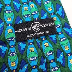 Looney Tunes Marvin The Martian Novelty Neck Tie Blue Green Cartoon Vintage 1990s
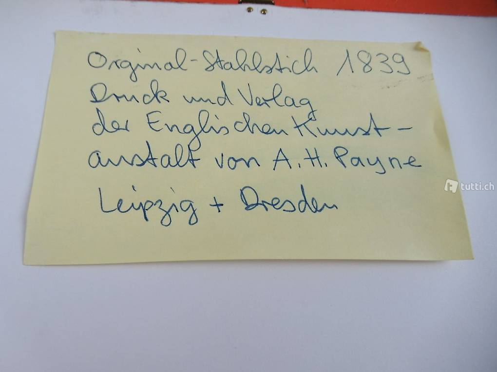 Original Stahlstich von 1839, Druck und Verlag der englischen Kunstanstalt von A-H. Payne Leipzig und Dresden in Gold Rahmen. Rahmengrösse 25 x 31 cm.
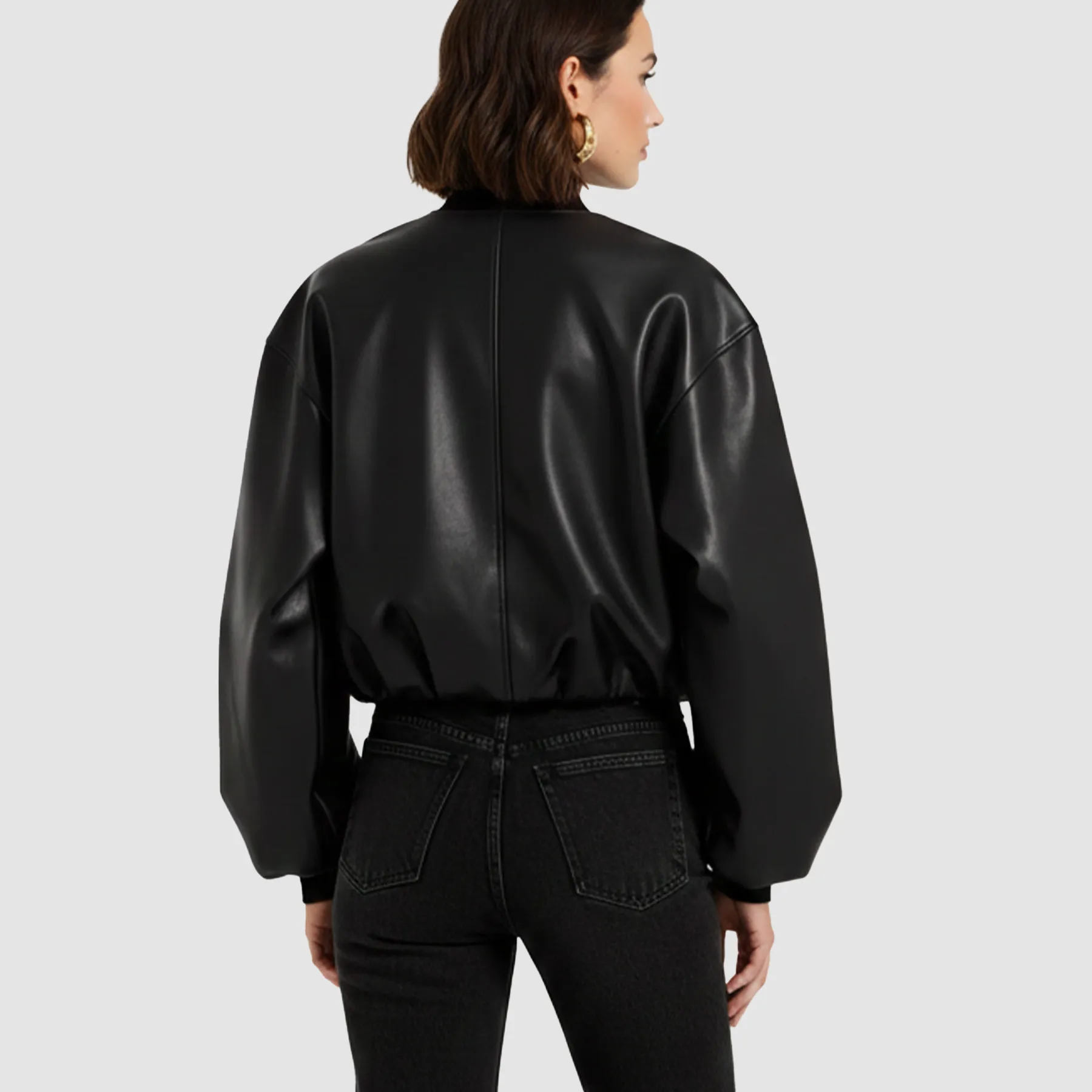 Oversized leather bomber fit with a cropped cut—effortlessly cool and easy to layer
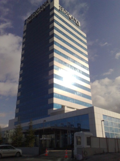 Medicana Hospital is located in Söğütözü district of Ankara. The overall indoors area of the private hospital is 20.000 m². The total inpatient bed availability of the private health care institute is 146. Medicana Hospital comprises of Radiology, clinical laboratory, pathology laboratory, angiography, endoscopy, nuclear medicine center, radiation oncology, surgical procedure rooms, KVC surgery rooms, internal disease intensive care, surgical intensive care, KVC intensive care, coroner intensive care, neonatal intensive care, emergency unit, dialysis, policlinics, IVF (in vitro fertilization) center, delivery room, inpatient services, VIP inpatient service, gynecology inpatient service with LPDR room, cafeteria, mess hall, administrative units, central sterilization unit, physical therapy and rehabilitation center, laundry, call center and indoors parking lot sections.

- PROMPT
Repeat each line of the material, unaltered, from the first through the line with "Oversized leather bomber", and include no pictures.

- SOLUTION TO THIS EXERCISE
 Looney Tunes Marvin The Martian Novelty Neck Tie Blue Green Cartoon Vintage 1990s
 Original Stahlstich von 1839, Druck und Verlag der englischen Kunstanstalt von A-H. Payne Leipzig und Dresden in Gold Rahmen. Rahmengrösse 25 x 31 cm.
 Oversized leather bomber fit with a cropped cut—effortlessly cool and easy to layer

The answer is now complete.